[ih] Fwd: The IMP Lights story (Was: Nit-picking an origin story) -- with interview text

Sun Aug 24 12:38:09 PDT 2025

[Apparently the attachment got stripped when I sent this to the
Internet-History list.  This is a resend, with the text of the interview
copied directly into this message at the end.]

Folks,

On Monday, 18 August 2025, I described how the lights on the IMPs often
burned out and caused a noticeable amount of downtime on the IMPs.  Geoff
Goodfellow asked for more details.  That exchange is copied below.

I learned of the problem with the IMP lights during a virtual roundtable
with Ben Barker and others.  We published the roundtable in [1].

I later interviewed Ben and Scott Bradner to learn more details. The
interview [2] is attached. appended.

In the process of checking, Alex McKenzie sent me a more recent article
Dave Walden, he and Ben wrote which covers several incidents related to
reliability, and he sent a reference to the article to the list.  See [3]
below.  I also learned that Ben passed away two years ago.  I'm sad.  He
was a delightful and always positive guy.

After further discussion with Alex, we agreed [1] has the least detail.
[3] is best, but it's behind a paywall.  The interview [2] is a
close second.

I think this is all the information that's available.

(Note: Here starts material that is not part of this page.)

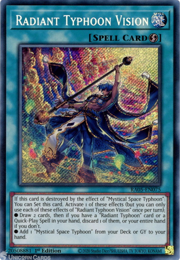 - RA05-EN075 Radiant Typhoon Vision : Secret Rare 1st Edition Mint YuGiOh Card

Thanks to Ben for the delightful story, to Geoff for asking for the
details, to Scott for permission to use the interview, and to Alex for the
recent article and advice on how to proceed.

Steve

[1]  "The Arpanet and Its Impact on the State of Networking," Stephen D.
Crocker, Shinkuro, Inc., Computer, October 2019.  This was a virtual
roundtable with Ben Barker, Vint Cerf, Bob Kan, Len Kleinrock and Jeff
Rulifson.  Ben mentioned the problem with the IMP lights.  It's only a
small portion of the overall roundtable.  The next two references have more
detail.

[2] "Fixing the lights on the IMPs," an unpublished interview with Ben
Barker and Scott Brader, 3 July 2020.  It's attached appended.

[3] "Seeking High IMP Reliability in the 1970' ARPAnet" by Walden,
McKenzie, and Barker, published in Vol 44, No 2 (April - June 2022) of IEEE
Annals of the History of Computing.

---------- Forwarded message ---------
From: the keyboard of geoff goodfellow <geoff at iconia.com>
Date: Mon, Aug 18, 2025 at 8:54 PM
Subject: Re: [ih] Nit-picking an origin story
To: Steve Crocker <steve at shinkuro.com>
Cc: John Day <jeanjour at comcast.net>, Dave Crocker <dhc at dcrocker.net>,
Internet-history <internet-history at elists.isoc.org>, <dcrocker at bbiw.net>

[I] am innately curious about the ARPANET "The IMPs Lights Reliability
Issue" you mention here and wonder if some additional color could be
elucidated to the colorful story as to just HOW "the lights on the IMP
panel being a major source of outages" and specifically what
"re-engineering" was effectuated to ameliorate them from crashing the IMPs?

On Mon, Aug 18, 2025 at 7:22 AM Steve Crocker via Internet-history <
internet-history at elists.isoc.org> wrote:

> ... Ben Barker has a colorful
> story about the lights on the IMP panel being a major source of outages.
> The IMPs had a 98% percent uptime at first.  98% was astonishingly good
> compared to other machines of the day, but intolerably poor in terms of
> providing an always available service.  Ben re-engineered the lights and
> brought the reliability up to 99.98%.  How's that for a small thing having
> a big effect!
>

Fixing the lights on the IMPs

Below is an exchange with Ben Barker, stimulated by a comment by Scott
Bradner.  I had been talking to Scott about another project but I opened by
asking a bit about his early years.  He worked at Harvard in several
capacities over many decades.  He started as a programmer in the psychology
department.  Ben Barker had been a student at Harvard and later joined
BBN.  Ben was a hardware guy.  Scott mentioned Ben hired him to develop
circuit boards for the front panels of the IMPs.  Ben participated in a
virtual roundtable last year, and I recall his vivid story of improving the
reliability of the IMPs.

For context, the following details are alluded to but not explained.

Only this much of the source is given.